Of course there have been some very close calls, I admit. Like the time I decided to take smoking back up for a night at the 9:30 club. What can I say? It smelled good and I couldn’t resist. I borrowed one and lit up in the girl’s room like a catholic school girl (or you know, like ’80s rock band music videos claim they do), and when I came out smelling even smokier than I went in there smelling, my husband wasn’t too enthused. I believe it was the only time he gave me the silent treatment.
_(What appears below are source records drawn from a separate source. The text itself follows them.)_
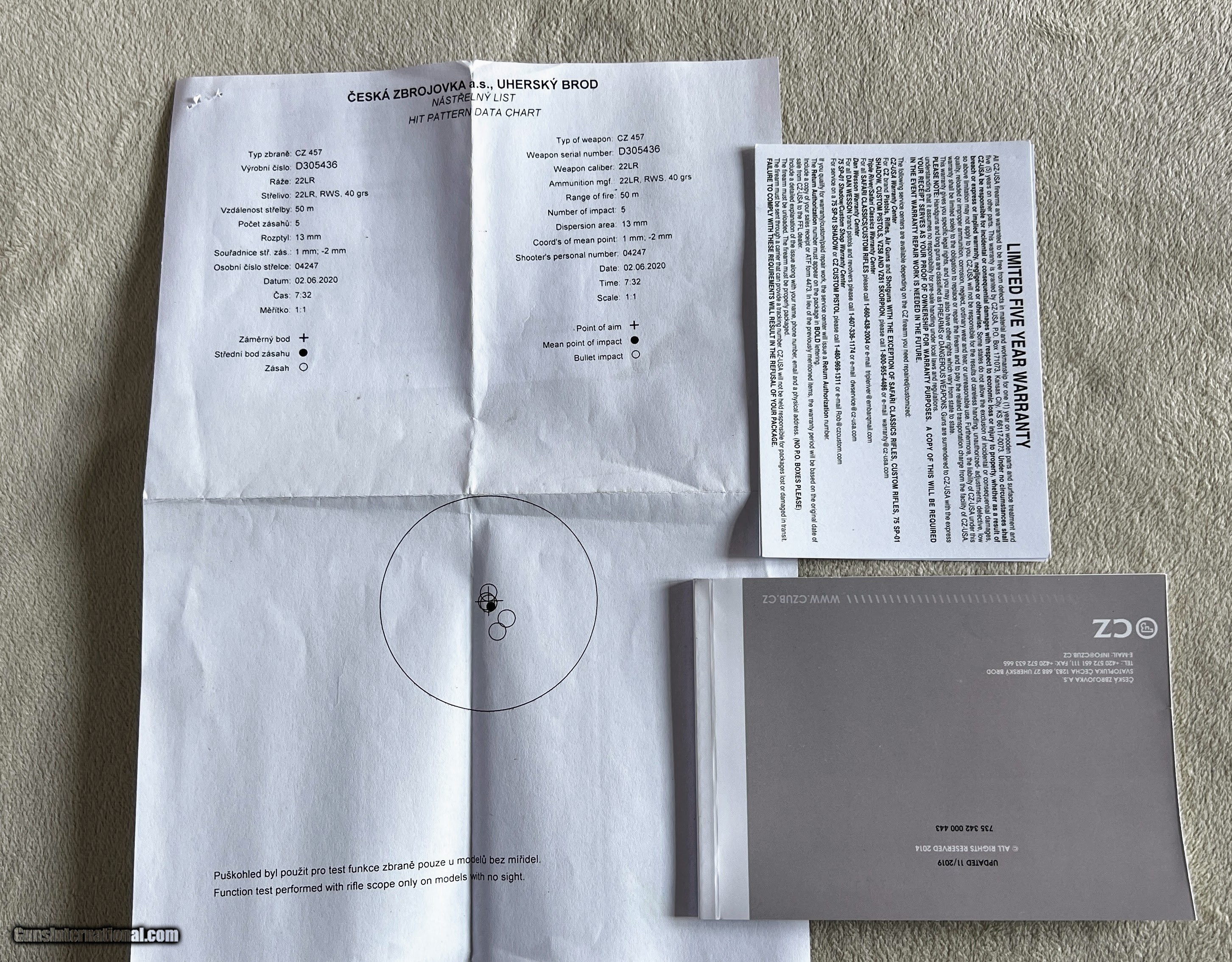 Description: CZ 457 Varmint / Precision 22 target rifle set up ready to shoot with 16.5" target threaded barrel. I have not fired this gun nor do I have the history. Please see all the high quality phots to determine condition for yourself. It is being sold "As Is" with a 3 day, no fire, no disassembly return condition. Please ask any questions before purchasing. Let me know if you require additional photos. I will consider trades on high end rimfires (Cooper, Kimber or Anschutz). Sold only where legal to own and you are expected to know your local laws. Price listed represents a 3 1/2% discount for cash. Credit cards are available, but you must call me to use. Shipping will be $55 to the lower 47 (no shipping to CA). Insurance is not included but is highly recommended. The gun is available for sale locally and if there are no offers, I reserve the right to end the sale early. Thanks for looking. SOLD Rifle Caliber: .22 Long Rifle Manufacturer: CZ Model: 457 Barrel Length: 16.5 Bore: Excellent Condition: Excellent Metal Condition: Excellent Wood Condition: Excellent Bore Condition: Excellent Barrels: Blued Barrel Type: Target Action: Bolt Triggers: Adjustable Stock: Synthetic |
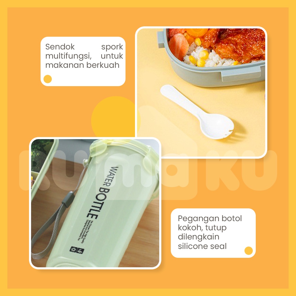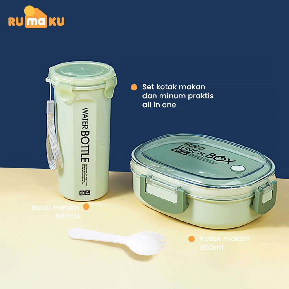 Rumaku Kotak Bekal Set Lunchbox Kotak Makan dan Botol Minum Anti Tumpah 850ml/500ml Tempat Makan Free Sendok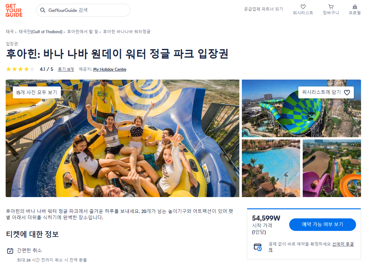후아힌 바나 나바 원데이 워터 정글 파크 입장권은 GET YOUR GUIDE 사이트에서 예약하실 수 있습니다. 사이트는 특히 전세계 대부분의 나라, 지역의 투어, 교통편 있어, 쉽게 찾을 수 없는 여행지의 다양한 투어 및 서비스를 이용할 수 있는 글로벌 사이트로 한국어사이트는 지원하지 않습니다. (글로벌 한국어 여행사이트를 찾으신다면 klook 여행사이트 추천합니다. 함께 사용하시면 더욱 편하게 여행하실 수 있습니다. klook에 찾는 정보가 없다면 GET YOUR GUIDE에서 찾으시면 됩니다.)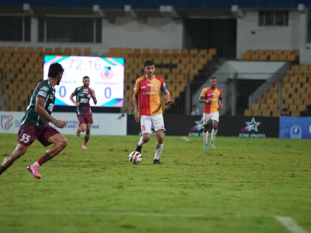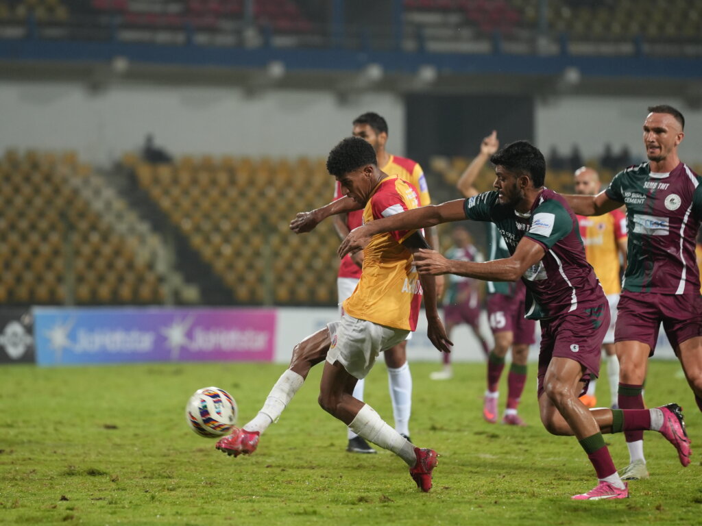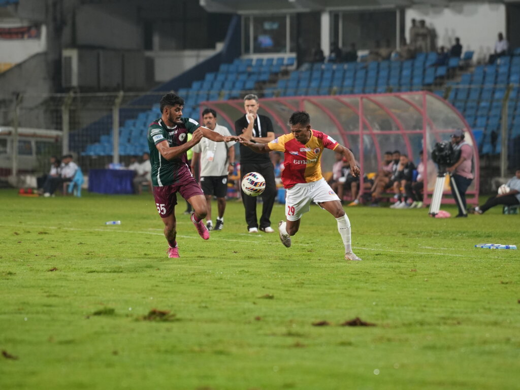 From the opening whistle, East Bengal appeared more settled. They pressed high and forced early errors in Mohun Bagan’s midfield. In just the second minute, Rakip dispossessed Anirudh Thapa on the right and squared the ball to Miguel, whose shot was blocked by the Mariners before being cleared to safety. It set the tone for a cagey encounter defined by half-chances and tactical duels.

And let’s not forget the time I nearly ended our marriage on the spot during the infamous bee-spraying of  ’07. Firstly to my husband’s credit, we did have an infestation of super-sized Big Mac hornets that had made themselves a little town in the house above our apartment. And in truth we did contact out landlords (who also happen to be my parents, by mere coincidence) various times in an attempt to get the matter resolved before it got to this point. But, like with most slum lords, this issue was left until the last possible moment and the bees had over-taken first our backyard, then our porch and believe it or not, those little hellions actually tried to wage war on our house.  After the heat of the day when they would dive at us as we tried to run from the house to the car, they would then start slamming full-speed in our windows and door, trying to get in. They were about a foot long (okay 3 inches) and the stinger was like *this* huge. I wouldn’t believe it if I hadn’t seen it myself.

In a moment of stupidity I made a run for the car to get something and I left the kitchen door open. Meanwhile my husband walks in to find three hornets buzzing around our kitchen in circles, trying to find someone to kill. He grabs a fly swatter, but they are angry and fast and the swatter suddenly seems deceptively small. So he starts spraying them with water to wet their wings and disable them in order to knock them to the floor so he can beat them with the swatter.
Into this chaos I calmly walk, without a clue what is going on. My husband is mad, and serious and spraying bees and I’m like,

“hey, honey, whatchadoin’?”

and he’s all “I’m killing these effing bees because you left the effing door open!!”

and I’m all like “Wow is it ever wet in here! But, it’s a good idea to spray them with water! I wouldn’t have thought of that!”

and he’s all “it’s not water,. It’s insecticide.”

Dum dum dum.

And I looked around my kitchen, you know, the place where I prepare organic foods for my organic children–one of which is on the spectrum, mind you and who I have worked tirelessly to keep away from any sort chemicals–and there is insecticide covering every inch of it. EVERY INCH. My walls, my cabinets, my bread bags, my casserole dishes that were drying on rack, the dishes in the sink, the counter tops, the floors, the towels, the fridge door, the fruit bowl and fruit, the food I hadn’t put away from dinner, and my beloved frog canisters that I bought at a yard sale. I loved those canisters, people. Well as much as one can love a canister.

I scream. Shriek. “STOOOOOPPPPP!!!” and I burst into tears. And I just started throwing everything that is on my counter tops into the trash can. And realizing that I am suddenly ten times as angry at him as he ever was at me over those damn bees, he just stops.

“You just sprayed nuerotoxins over out entire kitchen!” I am so angry. So angry. Hell hath no furry like a women whose kitchen is sprayed with nuerotoxic bug spray.

My mom comes down and she sees what has happened and she doesn’t say a word to either of us. She just starts cleaning up. And my husband just stands there wondering were he will sleep tonight, because he knows it sure as hell isn’t going to be in our house.

And I’m pretty sure there was an earth quake in Asia and that a volcano erupted on an island somewhere south of here because the earth couldn’t hold of of my anger (sorry, about that guys.)

And the bees hid, shaking in their little patent leather bee shoes.

Somehow, eventually, I forgave him. I mean I went on to have two more kids with him, so we must have called a truce at some point. And my landlord (still my mama) got the hive removed professionally, and the bees left willingly, happily. They actually offered to fly the hive to a new location themselves, if I recall.

I think it’s pretty safe to bet that he will not be using my tongs to pick up a dead rat.